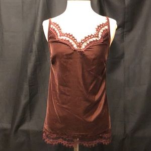 Brand new never worn beautiful Bordeaux color camisole style top. Very elegant and soft. Perfect to wear with slacks, a skirt, or even jeans. Fabric lining on the inside.
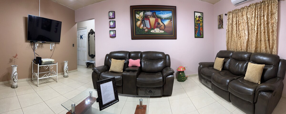 Disfruta de una cómoda estadía en La Riviera de David, Chiriquí. Esta casa es perfecta para familias o grupos de hasta 6 personas que desean estar cerca de todo: supermercados, restaurantes, farmacias y transporte. Cuenta con: 🛏️ 2 habitaciones con camas cómodas y aire acondicionado. 🍳 Cocina equipada 🛋️ Sala-comedor y área de desayunador. 📶 Wi-Fi de alta velocidad para trabajo o entretenimiento 🚗 Estacionamiento techado 🚽 2 baños Espaciosos. 🧼 Lavadora y secadora
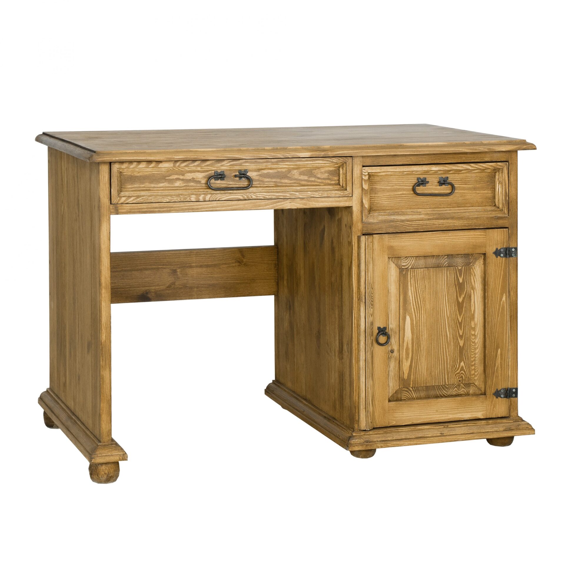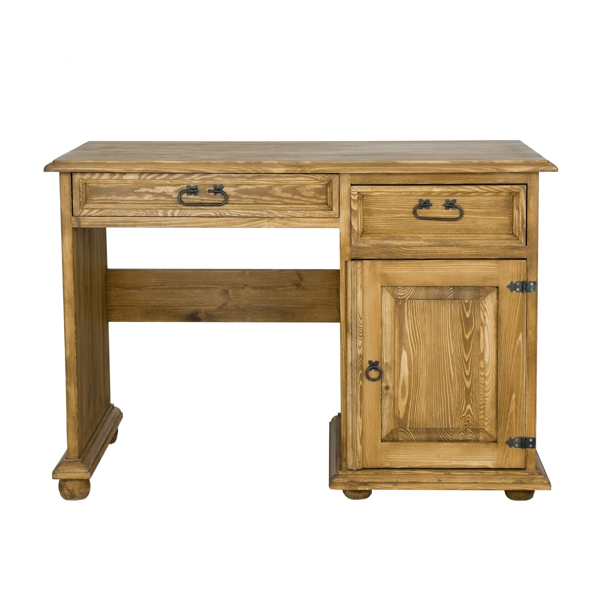 Vaškuotas BR701 stalas – tai baldas, puikiai tinkantis namų biurui. Kaimiško stiliaus, jis pagamintas iš tvirtos pušies medienos. Jame yra erdvus stalviršis, po kuriuo yra du stalčiai ant medinių bėgelių (arba stalčius ir lentynėlė klaviatūrai). Be to, stalas turi vieną spintelę su durelėmis, kurių kiekvienoje yra lentynėlė. Jis pasižymi patvaria ir tvirta konstrukcija. Jo gamyboje buvo panaudoti rankų darbo metaliniai vyriai ir rankenos su sendinto rašto efektu. BR701 stalas sukurs šiltą, unikalią atmosferą jūsų biure, teigiamai paveikdamas ne tik jūsų savijautą, bet ir darbo kokybę.
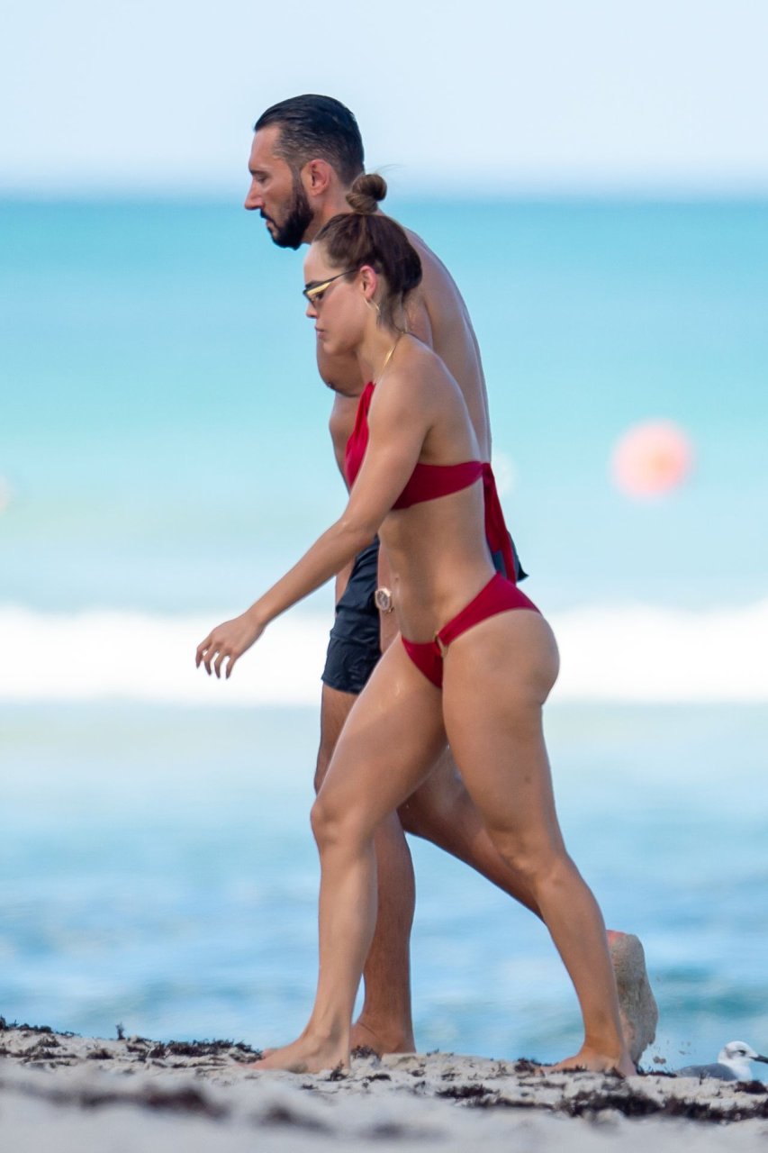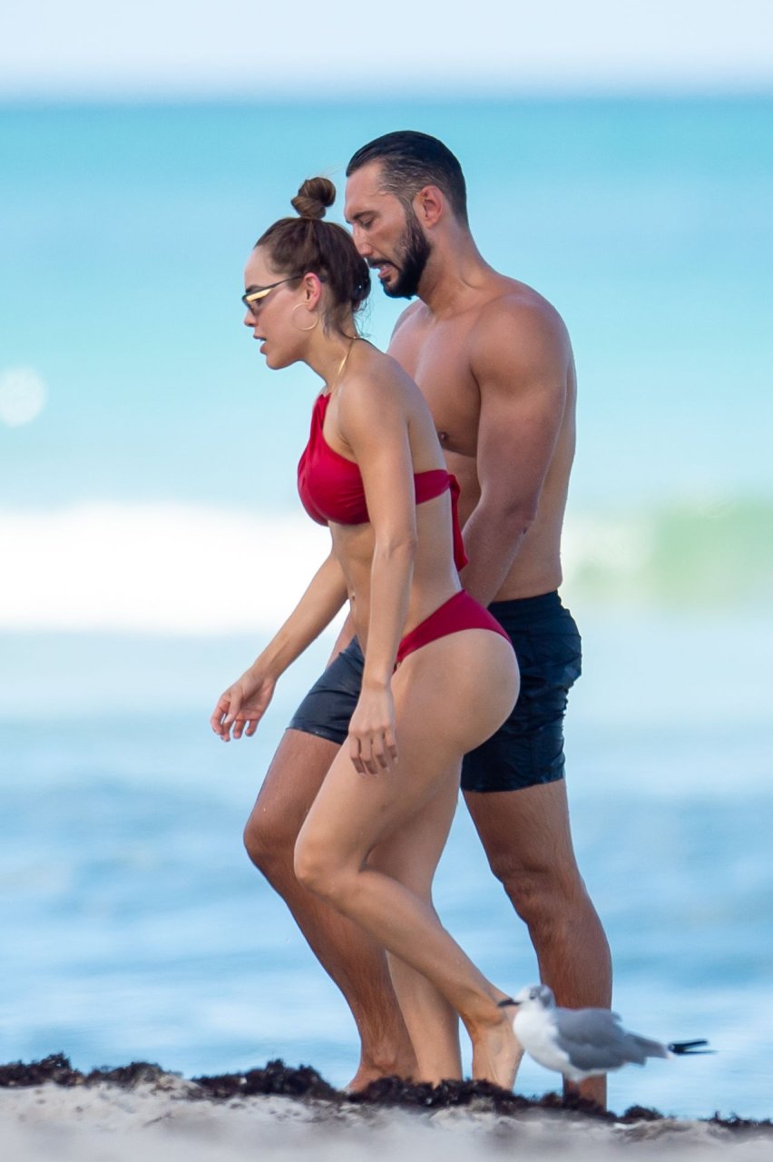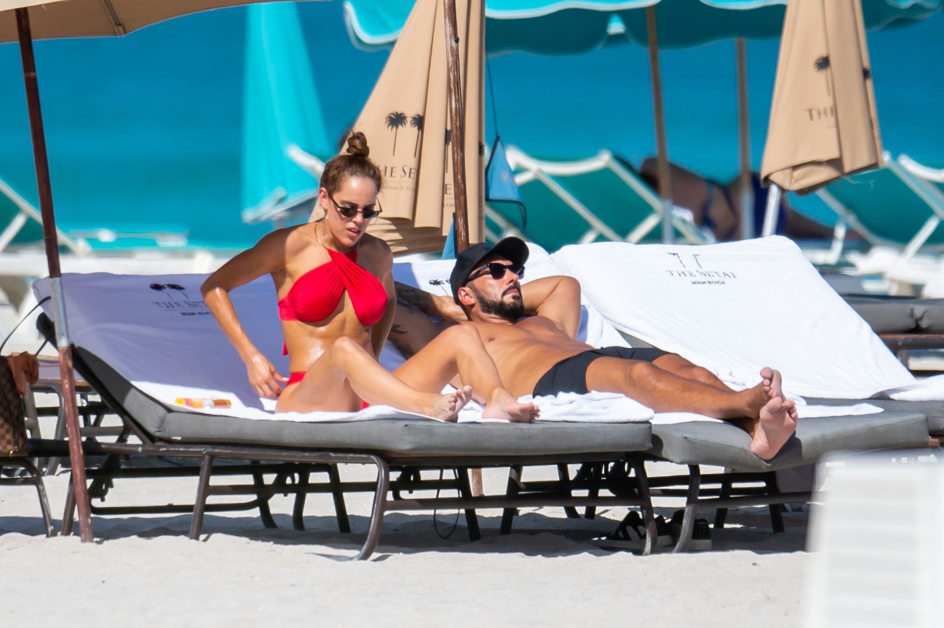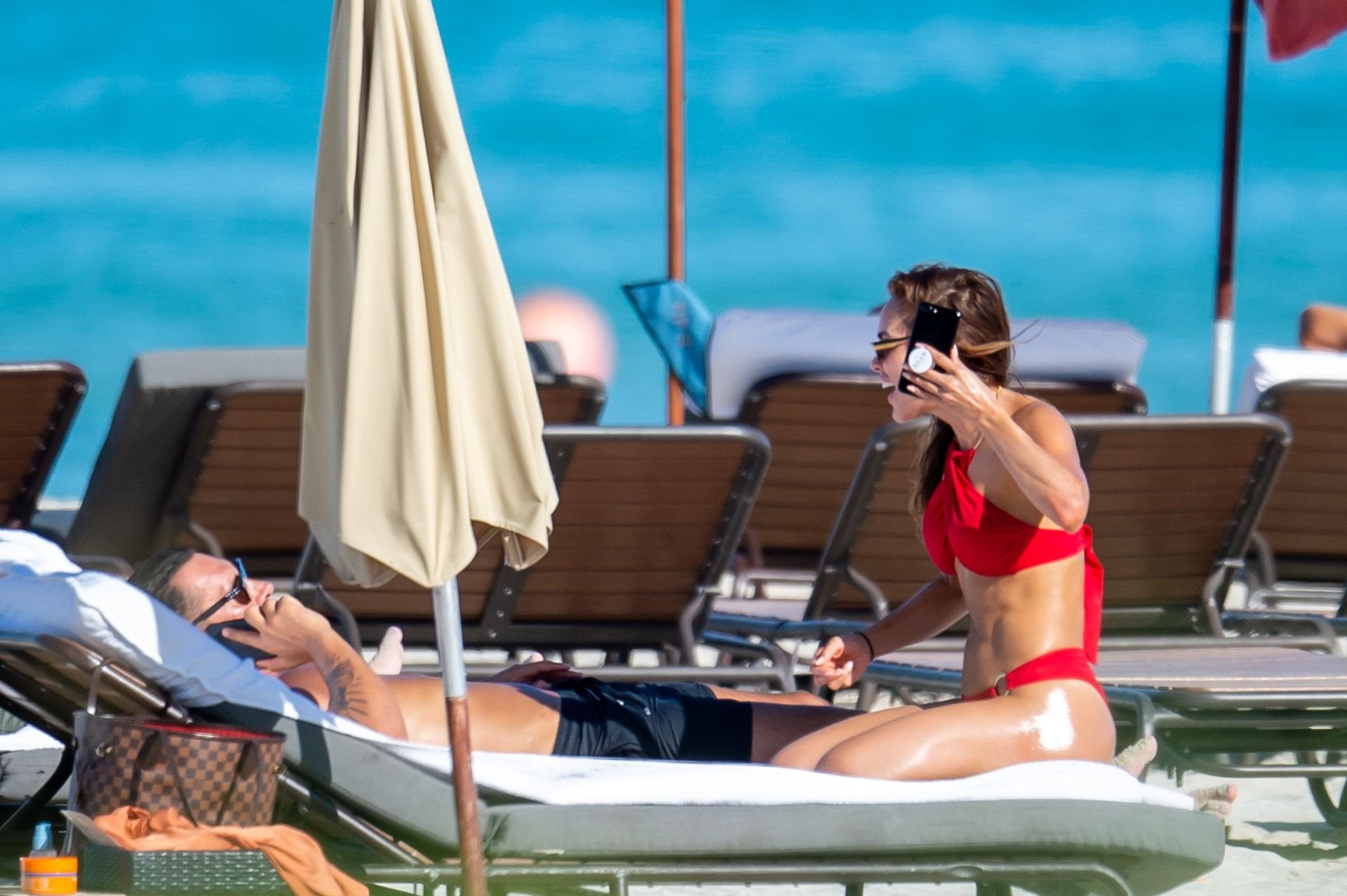 Ahora parece que ya han ido mucho más allá de los mensajes directos. La pareja no pudo mantener las manos alejadas mientras disfrutaban de un refrescante baño en el océano en Miami Beach. Usando un sexy conjunto rojo de dos piezas, Sara mostró las curvas que llamaron la atención de Gervais.
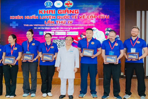 PGS-TS-BS Võ Thành Toàn (thứ 4 từ trái sang) trao giấy chứng nhận cho các học viên hoàn thành khóa huấn luyện quốc tế về cấp cứu
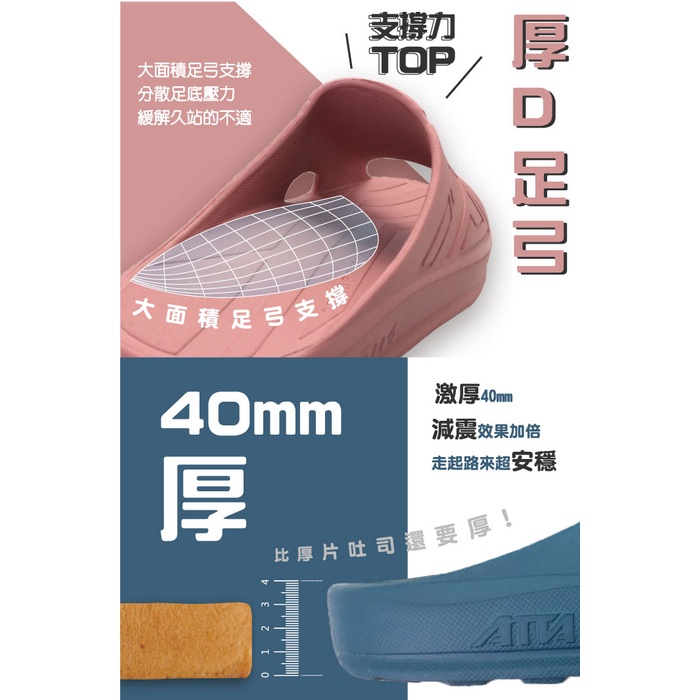 【ATTA】40厚均壓散步拖鞋(4色)足壓分散/激厚減震/防水厚底/MIT台灣製/原廠公司貨

# WHAT YOU HAVE TO DO:
Transcribe all of the lines above exactly as given. The pictures stay out.

# EXERCISE OUTPUT:
 Brand new never worn beautiful Bordeaux color camisole style top. Very elegant and soft. Perfect to wear with slacks, a skirt, or even jeans. Fabric lining on the inside.
 Disfruta de una cómoda estadía en La Riviera de David, Chiriquí. Esta casa es perfecta para familias o grupos de hasta 6 personas que desean estar cerca de todo: supermercados, restaurantes, farmacias y transporte. Cuenta con: 🛏️ 2 habitaciones con camas cómodas y aire acondicionado. 🍳 Cocina equipada 🛋️ Sala-comedor y área de desayunador. 📶 Wi-Fi de alta velocidad para trabajo o entretenimiento 🚗 Estacionamiento techado 🚽 2 baños Espaciosos. 🧼 Lavadora y secadora
 Vaškuotas BR701 stalas – tai baldas, puikiai tinkantis namų biurui. Kaimiško stiliaus, jis pagamintas iš tvirtos pušies medienos. Jame yra erdvus stalviršis, po kuriuo yra du stalčiai ant medinių bėgelių (arba stalčius ir lentynėlė klaviatūrai). Be to, stalas turi vieną spintelę su durelėmis, kurių kiekvienoje yra lentynėlė. Jis pasižymi patvaria ir tvirta konstrukcija. Jo gamyboje buvo panaudoti rankų darbo metaliniai vyriai ir rankenos su sendinto rašto efektu. BR701 stalas sukurs šiltą, unikalią atmosferą jūsų biure, teigiamai paveikdamas ne tik jūsų savijautą, bet ir darbo kokybę.
 Ahora parece que ya han ido mucho más allá de los mensajes directos. La pareja no pudo mantener las manos alejadas mientras disfrutaban de un refrescante baño en el océano en Miami Beach. Usando un sexy conjunto rojo de dos piezas, Sara mostró las curvas que llamaron la atención de Gervais.
 PGS-TS-BS Võ Thành Toàn (thứ 4 từ trái sang) trao giấy chứng nhận cho các học viên hoàn thành khóa huấn luyện quốc tế về cấp cứu
 【ATTA】40厚均壓散步拖鞋(4色)足壓分散/激厚減震/防水厚底/MIT台灣製/原廠公司貨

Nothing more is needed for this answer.